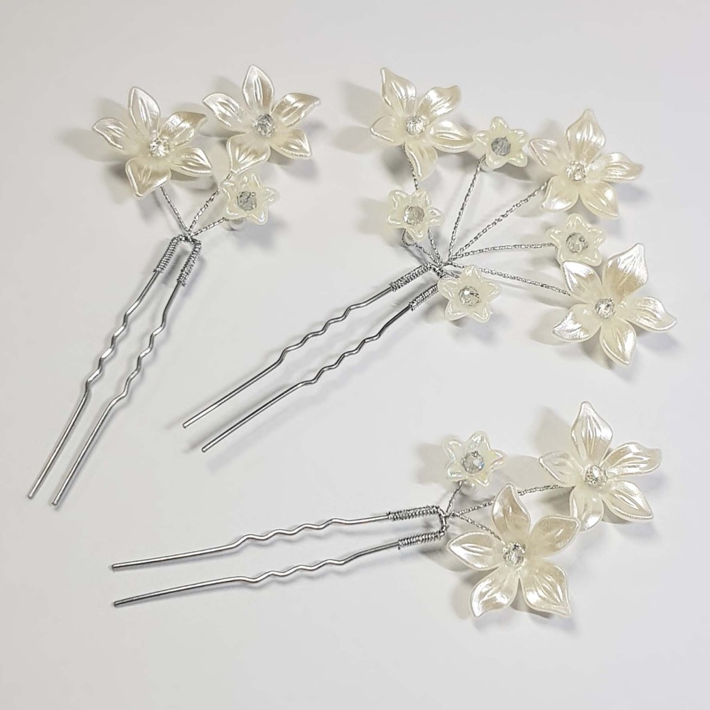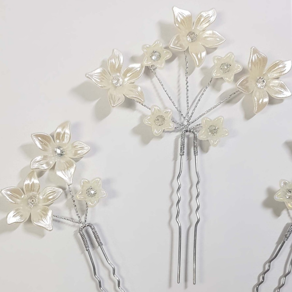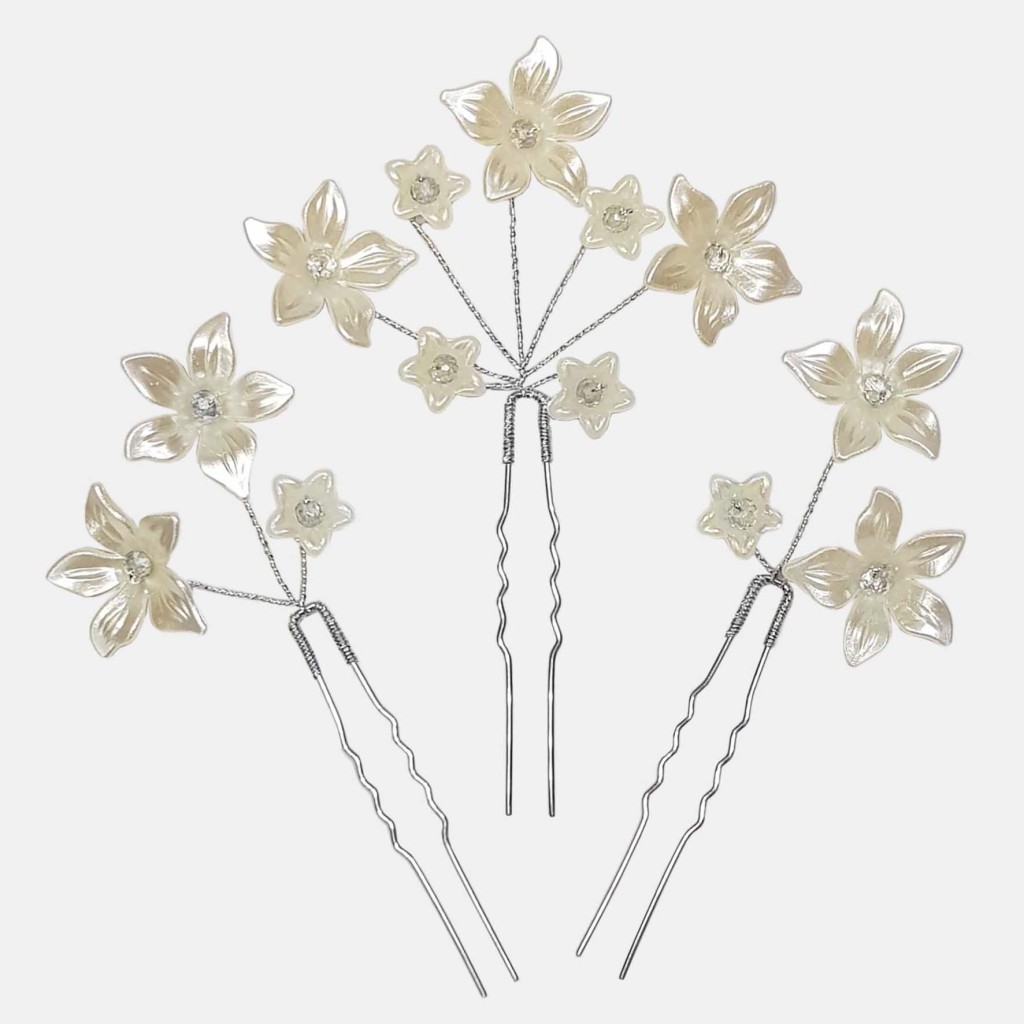 این محصول شامل 3 عدد سنجاق شینیون با پایه سنجاق به رنگ نقره ای است.
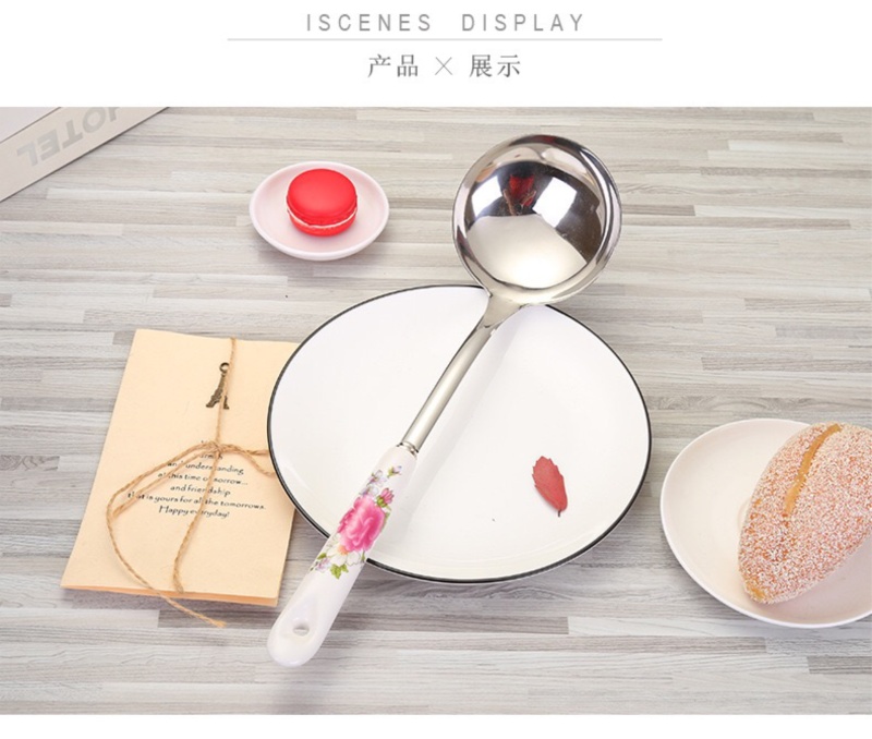 陶瓷柄烤花厨具套装无磁不锈钢出具经七件套
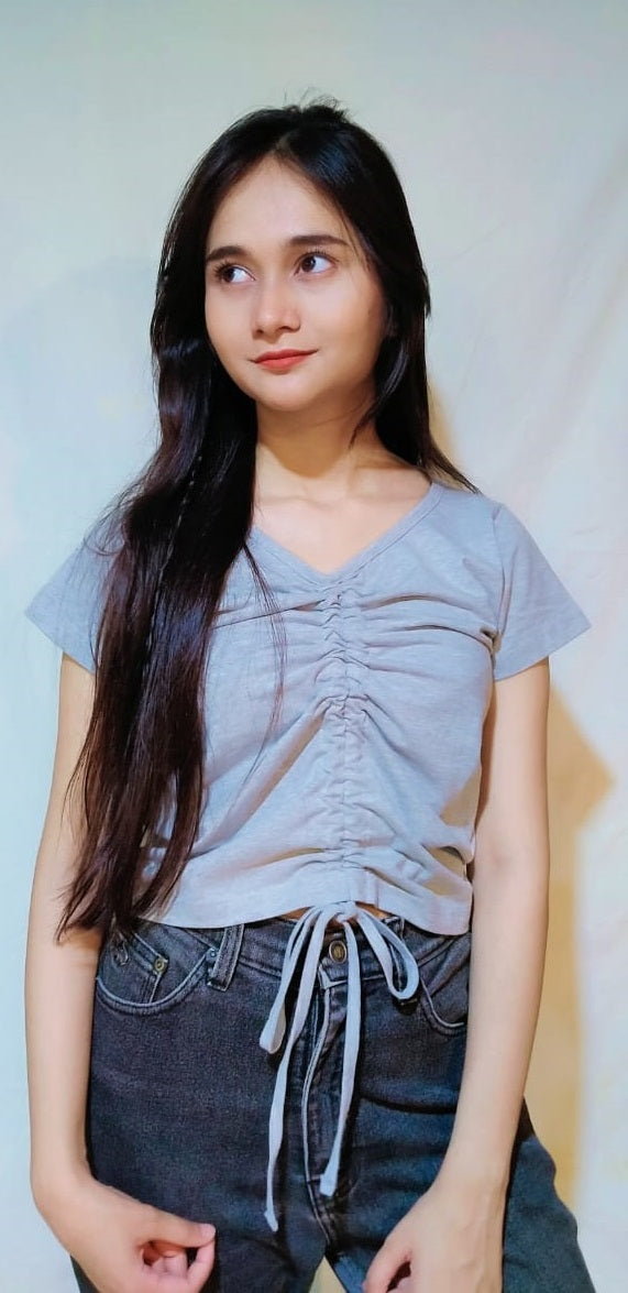 SOLID DRAWSTRING RUCHED TEE-GREY

──────────────────────────────

Work instructions: No pictures belong in the copy. Return exactly the lines from the line containing "陶瓷柄烤花厨具套装无磁不锈钢出具经七件套" through the last line of the listing.

Written reply:
 陶瓷柄烤花厨具套装无磁不锈钢出具经七件套
 SOLID DRAWSTRING RUCHED TEE-GREY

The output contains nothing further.